■ Provided material ■
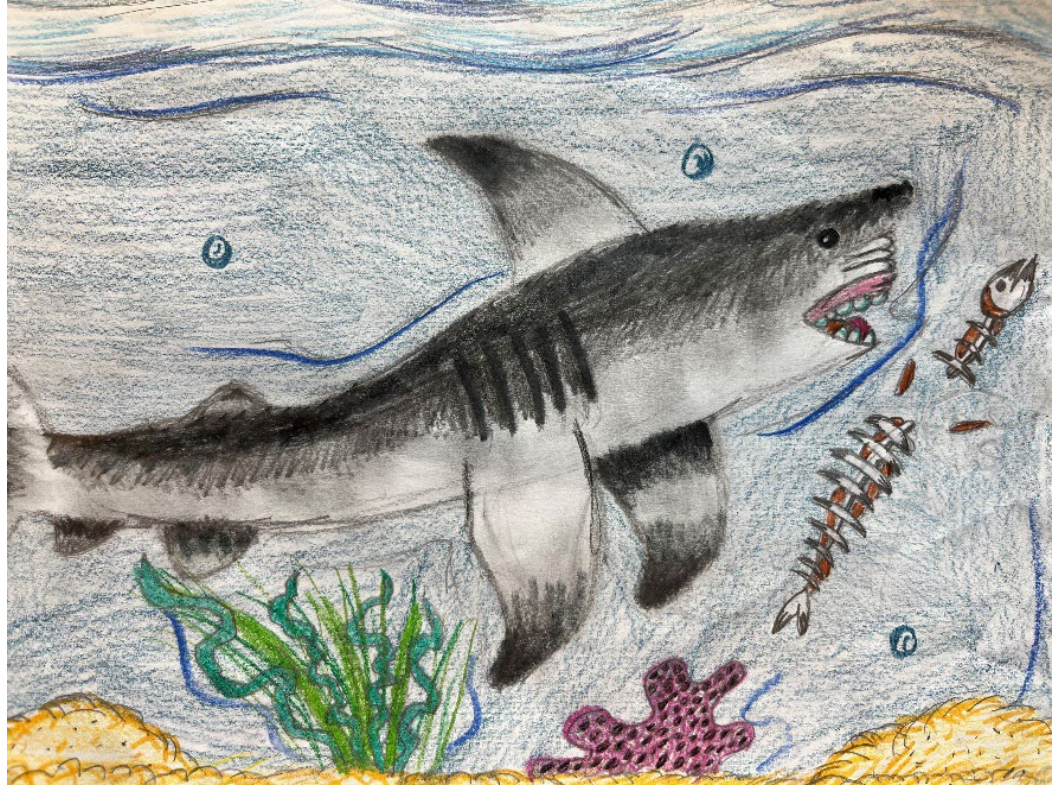
Caitlin B. 3<sup>rd</sup> Place
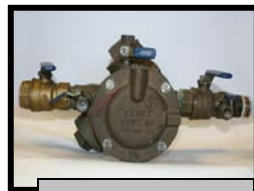
RPZ backflow prevention device.

To protect the Village of Norridge's drinking water supply from backflow - related health hazards, backflow prevention devices
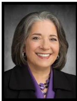
City of Knoxville Madeline Rogero, Mayor

■ Required work ■
A verbatim copy of the material, pictures excluded, is what must be produced.

■ Solution to the problem ■
Caitlin B. 3<sup>rd</sup> Place
RPZ backflow prevention device.

To protect the Village of Norridge's drinking water supply from backflow - related health hazards, backflow prevention devices
City of Knoxville Madeline Rogero, Mayor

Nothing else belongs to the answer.